REQUIRED WORK:
Among the entries that follow, locate the line with "广东省高校蛋白质修饰与降解重点实验室成员陈鑫博士,以第一作者身份在Nature Reviews Gastroenterology" and the line with "Набір містить 88". Output those lines and all lines in between, exactly, minus the pictures.

DATA IN THIS EXERCISE:
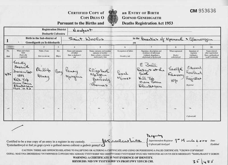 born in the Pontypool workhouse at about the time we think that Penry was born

...

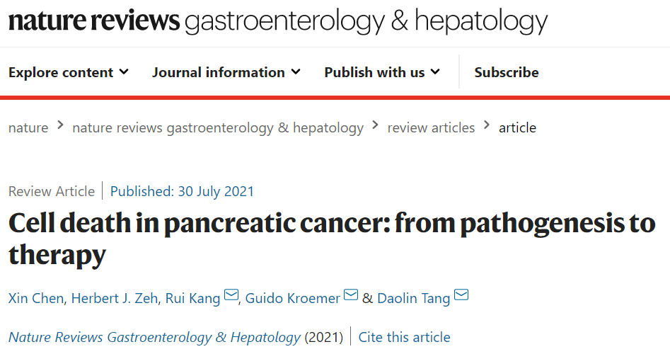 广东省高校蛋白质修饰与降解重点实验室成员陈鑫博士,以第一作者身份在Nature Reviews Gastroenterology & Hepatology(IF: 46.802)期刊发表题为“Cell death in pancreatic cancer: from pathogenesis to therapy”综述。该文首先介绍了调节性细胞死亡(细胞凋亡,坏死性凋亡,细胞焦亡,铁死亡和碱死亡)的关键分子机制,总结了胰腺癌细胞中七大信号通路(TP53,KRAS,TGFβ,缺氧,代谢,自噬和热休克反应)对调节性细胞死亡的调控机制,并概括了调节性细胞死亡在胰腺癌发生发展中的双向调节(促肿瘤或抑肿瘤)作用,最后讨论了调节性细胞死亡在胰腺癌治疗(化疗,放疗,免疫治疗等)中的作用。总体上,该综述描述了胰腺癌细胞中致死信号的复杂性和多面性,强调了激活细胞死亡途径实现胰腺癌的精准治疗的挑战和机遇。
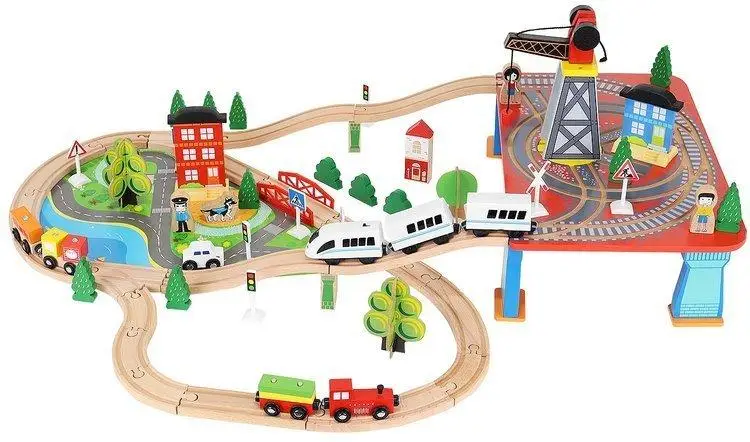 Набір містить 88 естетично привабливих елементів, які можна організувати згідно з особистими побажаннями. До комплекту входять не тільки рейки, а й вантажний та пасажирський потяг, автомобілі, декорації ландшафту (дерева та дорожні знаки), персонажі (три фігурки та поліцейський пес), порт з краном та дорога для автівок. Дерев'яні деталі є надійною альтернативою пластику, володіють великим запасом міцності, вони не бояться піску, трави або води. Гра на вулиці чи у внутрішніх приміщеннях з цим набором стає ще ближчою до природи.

THE ANSWER:
 广东省高校蛋白质修饰与降解重点实验室成员陈鑫博士,以第一作者身份在Nature Reviews Gastroenterology & Hepatology(IF: 46.802)期刊发表题为“Cell death in pancreatic cancer: from pathogenesis to therapy”综述。该文首先介绍了调节性细胞死亡(细胞凋亡,坏死性凋亡,细胞焦亡,铁死亡和碱死亡)的关键分子机制,总结了胰腺癌细胞中七大信号通路(TP53,KRAS,TGFβ,缺氧,代谢,自噬和热休克反应)对调节性细胞死亡的调控机制,并概括了调节性细胞死亡在胰腺癌发生发展中的双向调节(促肿瘤或抑肿瘤)作用,最后讨论了调节性细胞死亡在胰腺癌治疗(化疗,放疗,免疫治疗等)中的作用。总体上,该综述描述了胰腺癌细胞中致死信号的复杂性和多面性,强调了激活细胞死亡途径实现胰腺癌的精准治疗的挑战和机遇。
 Набір містить 88 естетично привабливих елементів, які можна організувати згідно з особистими побажаннями. До комплекту входять не тільки рейки, а й вантажний та пасажирський потяг, автомобілі, декорації ландшафту (дерева та дорожні знаки), персонажі (три фігурки та поліцейський пес), порт з краном та дорога для автівок. Дерев'яні деталі є надійною альтернативою пластику, володіють великим запасом міцності, вони не бояться піску, трави або води. Гра на вулиці чи у внутрішніх приміщеннях з цим набором стає ще ближчою до природи.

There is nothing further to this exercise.